Of course, swapping suits for slippers and being able to pick up the kids is a liberating transition. There are, however, some worrying and damaging issues coming to light that are being highlighted with regards to both mental and physical health as we work remotely.

The results of a new survey by Nuffield Health, the UK’s largest healthcare charity, have revealed that working from home may have significantly impacted our mental health. According to their findings, an overwhelming 80% of British citizens feel that working from home has negatively impacted their mental health.


Anxiety, loneliness, lack of work-life balance, heavier workload, are just a few of the problems and here at Calmer Sea we’ve delved deeper to find out the extent of the problems and what we can do on an individual basis to alleviate some of the mental strain.


The challenges faced when working from home

Managing your Time

Without a structure to a working day, many remote workers find themselves slipping into bad habits that impact massively. They sleep in, they ruminate and procrastinate, and they put important tasks off until later, only to find that they’ve little or no time to do them, adding pressure to work through the night, which invariably results in substandard work. Over a third (36%) of those surveyed by Nuffield Health said that not being in the same space as colleagues has left them feeling unable to take a break or step away from their workstations, with many feeling they must always be ready to respond quickly from their computers. Another factor is that you are the IT manager and should a network be dropped, emails go astray or printers gobble up the data without spitting something out – it’s all down to you! But the normal advice I’ve ever received in the first instance from the IT department is “switch it off and back on” that should fix it!

Lack of boundaries

Home to many is a place to shut the door, kick back and relax. On the other-hand when home and work are the same place, well, that represents an altogether different problem… ’where does the line between work and play lie?’ When working from home, there’s always the compulsion to check emails, tweak a report, or read a file any time of the day or night.

No meaningful interaction

Feeling isolated is one of the biggest issues that face a growing number of home-based workers. Hours and days can go by without social interaction – and human beings are social animals, they need interaction for a positive mental state. Of those surveyed, 25% said they are finding it difficult to cope with the challenges brought about by loneliness and isolation from colleagues. While video calls are still providing a valuable link for many, they could also be creating more stress. 19% of respondents revealed they feel pressured to look good on video meetings.

Motivation

…or lack of, to be more precise. Not leaving the house quickly squished the determination to succeed and that gives way to a make-do attitude that becomes apparent in all that you do. Your vision for the future, successful you, your goals and drive all get put on the coat hooks with your worn, but cosy winter coat.

Posture and presentation

Attention, stand by your beds! Or should it be - roll out of bed, grab a coffee and begin checking your emails…. realising you’re still in your PJ’s at 12.30? Unfortunately, the latter is more apparent when working from home but the mental shift from professional to a feeling of sluggish can be the result.

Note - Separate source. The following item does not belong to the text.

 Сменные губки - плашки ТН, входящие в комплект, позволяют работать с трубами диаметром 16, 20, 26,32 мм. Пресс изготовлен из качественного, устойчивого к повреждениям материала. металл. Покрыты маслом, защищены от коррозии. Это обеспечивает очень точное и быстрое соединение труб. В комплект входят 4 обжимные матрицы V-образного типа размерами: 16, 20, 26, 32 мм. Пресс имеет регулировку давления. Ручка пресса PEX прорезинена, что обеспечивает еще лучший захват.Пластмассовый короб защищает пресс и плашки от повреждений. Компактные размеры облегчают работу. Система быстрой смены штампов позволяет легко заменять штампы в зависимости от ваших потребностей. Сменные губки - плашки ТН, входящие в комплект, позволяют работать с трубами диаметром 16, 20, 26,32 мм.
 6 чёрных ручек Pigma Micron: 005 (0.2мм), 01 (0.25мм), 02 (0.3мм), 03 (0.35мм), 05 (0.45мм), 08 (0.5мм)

Unclear about personal performance and unable to ask advice easily

Appraisals and performance reviews are one thing but when working from home, it becomes a blurred line between performing satisfactorily, under-performing or smashing it because there’s no instant feedback, input, or gauge. The non-verbal cues aren’t there to get an instant understanding of whether you’re hitting the mark with something and neither is the spark of an idea that bounces off a few people and grows into a stunner.

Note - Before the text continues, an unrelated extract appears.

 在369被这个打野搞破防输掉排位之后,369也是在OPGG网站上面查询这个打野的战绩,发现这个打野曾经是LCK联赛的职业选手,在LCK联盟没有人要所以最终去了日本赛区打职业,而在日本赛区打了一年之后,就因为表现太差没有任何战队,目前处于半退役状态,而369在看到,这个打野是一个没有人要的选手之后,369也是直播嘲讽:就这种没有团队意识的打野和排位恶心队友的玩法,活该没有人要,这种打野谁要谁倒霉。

Networking is just not working

There’s nothing like it for getting the latest views, opinions, and news. Networking, whether at trade shows or just meeting up with like-minded individuals is great for keeping up-to-date with what’s going on in your industry. And, with no trade shows, no get-togethers (beyond the rule of 6), and no physical networking groups, it’s hard to stay in touch.

Distractions

For many of us, the appeal of a walk in the sun (strike while the iron’s hot – I’m writing this on the first decidedly dismal autumnal day), dropping the kids off at school, a beer garden, taking the dog out… whatever it is it’s very easy to get distracted and they all pose a threat that we wouldn’t normally have to fight off.

Kids

Ok, a little unfair to single them out but the point is, when they finish school at 3ish, that signals the end to the working day for many of us.

The staff canteen

It’s great. It’s always stocked with the foods that you love, always open, and…. It’s now your fridge! The ‘always open’ sign doesn’t only appear on the fridge either…the toaster, biscuit tin, kids snacks…you name it. But the ‘Corona stone’ doesn’t stop there, the stone keeps rolling on and on.


The above list of ten topics, are just a sample of some of the issues that we can all face but all of these and much more can impact immensely on a person’s mental health. We all have times when we feel down, stressed, or frightened. Most of the time those feelings pass, but sometimes they develop into a mental health problem like anxiety or depression, and in these very uncertain times when we do feel isolated and unsure, it’s very important to make small changes that can make a big difference.

So what can we do to change the impact of working from home on our mental health?

Communicate

Try to keep in regular contact with the people that you normally interact with, and that’s not just from a ‘work’ perspective. Contact the people that you linger around the water-cooler with or have a chat and share jokes within the kitchen normally. Be honest and share how you’re feeling, begin a support group, meet up socially if at all possible.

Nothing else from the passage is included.